In a recent article entitled ‘Whatever happened to the term Alpha Wolf’ written by L. David Mech, Mech discusses the decline of the use of the word ‘alpha’ in books and articles about wolves. He further discusses that ‘Rather than viewing a wolf pack as a group of animals organised with a ‘top dog’ that fought its way to the top, or a male-female pair of such aggressive wolves, science has come to understand that most wolf packs are merely family groups formed exactly the way human families are formed’ Mech 2008.

Domestic dogs like wolves are social animals and thrive in company. They have adapted to live in family units with us.

Unfortunately, the influence of the research in the 1970’s despite being disproved still circulates widely among dog owners and professionals.
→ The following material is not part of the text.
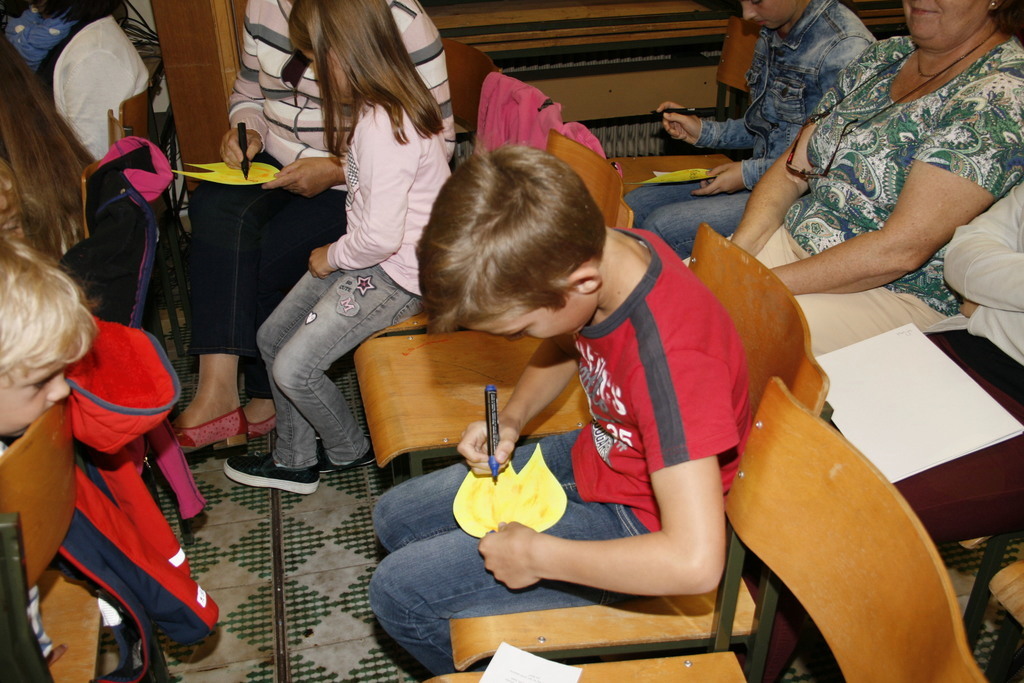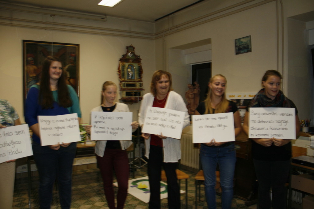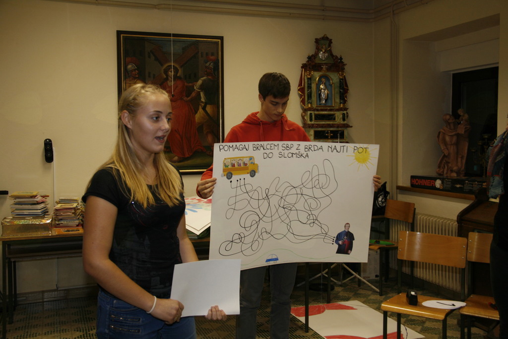 Po več kot desetih letih vodenja SBP se je Zinka Meden odločila, da vajeti preda mlajši generaciji, a ne popolnoma, ostala bo še animator in skrbela tudi za Slomškov bralni klub za odrasle, ki bo z branjem pričel malce kasneje. Obiskovalci, tako bralci kakor njihovi starši smo že na uvodnem srečanju spoznali, da pri SBP piha nov mladosten veter. Predstavitev branj, knjižnice in načina kako se prebrano prestavi smo tokrat spoznavali ob pomoči zastavljenih vprašanj in ob risanju na velike plakate. Kljub številnim spremembam je himna še vedno ista in tokrat jo je na kitaro spremljal Janez Meden, ki je za to priložnost bobne zamenjal za kitaro. Čeprav je bolj vajen bobnov moramo priznati, da je njemu šlo z igranjem veliko bolje, kakor nam z petjem, ampak vaja dela mojstra in do srečanja na Ponikvi prihodnje leto bomo tudi himno znali zapeti brez napak. Poleg himne je bila stalnica tudi nagovor in spodbuda župnika in tokrat je bralce, animatorje in ostale nagovoril Pavle Okoliš z besedami: " Ni povsod tako razvito in obenem poudarjeno, da je branje pomembno ne samo za mladega človeka ampak za vse generacije. Vesel sem da boste z veseljem vzeli v roke knjige in jih prebirali, a ne samo to, da jih boste tudi predstavili. Hvala staršem za to skrb, da svoje otroke navdušujete za lepo slovensko besedo. Naj nam bo Anton Martin Slomšek priprošnjik, da bomo cenili to kar prejemamo od staršev, se pravi lepo besedo in zgled. Hvala vsem, ki se trudite, da bi slovenska beseda bila bolj brana ." In če so nam animatorji predstavili kako poteka srečanje bralcev, sta nam Bogdana in Lucija predstavili knjižnico SBP, ki se ponaša z več deset knjigami za vse starostne skupine. Še nekaj nagradnih vprašanj in začelo se je zares, knjižnica je odprla svoja vrata in bralci so že segli po knjigah, ki jih bodo prebirali med tednom. Razveseljujoče je dejstvo, da so se bralcem tokrat pridružili še bralci iz župnij, kjer SBP nimajo. V soboto 1. oktobra se jim lahko pridružite še vi, če vas veseli branje, ali če vas le zanimajo vsebine številni knjig, ki so na razpolago. Odrasle glave animatorji vabijo v Slomškov bralni klub za odrasle, ki začne svoje poslanstvo najverjetneje v mesecu oktobru.

The term ‘Alpha’ is used to describe the leader of the pack, and owners and professionals who subscribe to the pack theory of dog training believe that our dogs are trying to take the role of the ‘Alpha’ (and be the leader of the pack) and we as human owners should keep that role for ourselves with constant shows of dominance as demonstrated by the wolves in captivity.

David Ryan says ‘The “pack” and “dominance” theory of domestic dogs is a harmful meme. It prevents many owners understanding their dogs, causes untold misery for both and is perpetuated by well-meaning but uninformed dog trainers around the world. It is proving extremely resistant to extinction.’

The pack theory has become so popular that it has been televised by celebrity dog trainers and touted as a cure all in texts by dog professionals. It is a quick fix and easy to understand. It is much more simplistic than learning theory and in some cases can be seen to work temporarily, usually where a dog has shut down.

In reality dog training and the solving of behavioural problems can take weeks if not months of very slow progress which does not appeal to dog owners and does not make good TV!

The pack theory followers suggest that we assert our authority by eating before our dogs, going through doorways before our dogs, and pinning our dogs to the ground with an ‘Alpha roll’ should they misbehave.

The ‘Alpha roll’ in particular will have an extremely negative impact on our dogs and the relationship between dogs and their owners. Our dogs will not understand what we are doing when we try to ‘Alpha roll’ then, and if they feel threatened and scared they may be forced to defend themselves and may growl, snap or bite at their owner.

Our dogs know we are not dogs. Our dogs are no longer wolves, they shared an ancestor with wolves many thousands of years ago. Wolves survive by hunting as a team, our dogs survive by scavenging and eating the food we provide. Any similarities between wolves and dogs lie primarily in their means of communication but cleverly our domestic dogs have evolved ways of communicating with us which wolves do not have.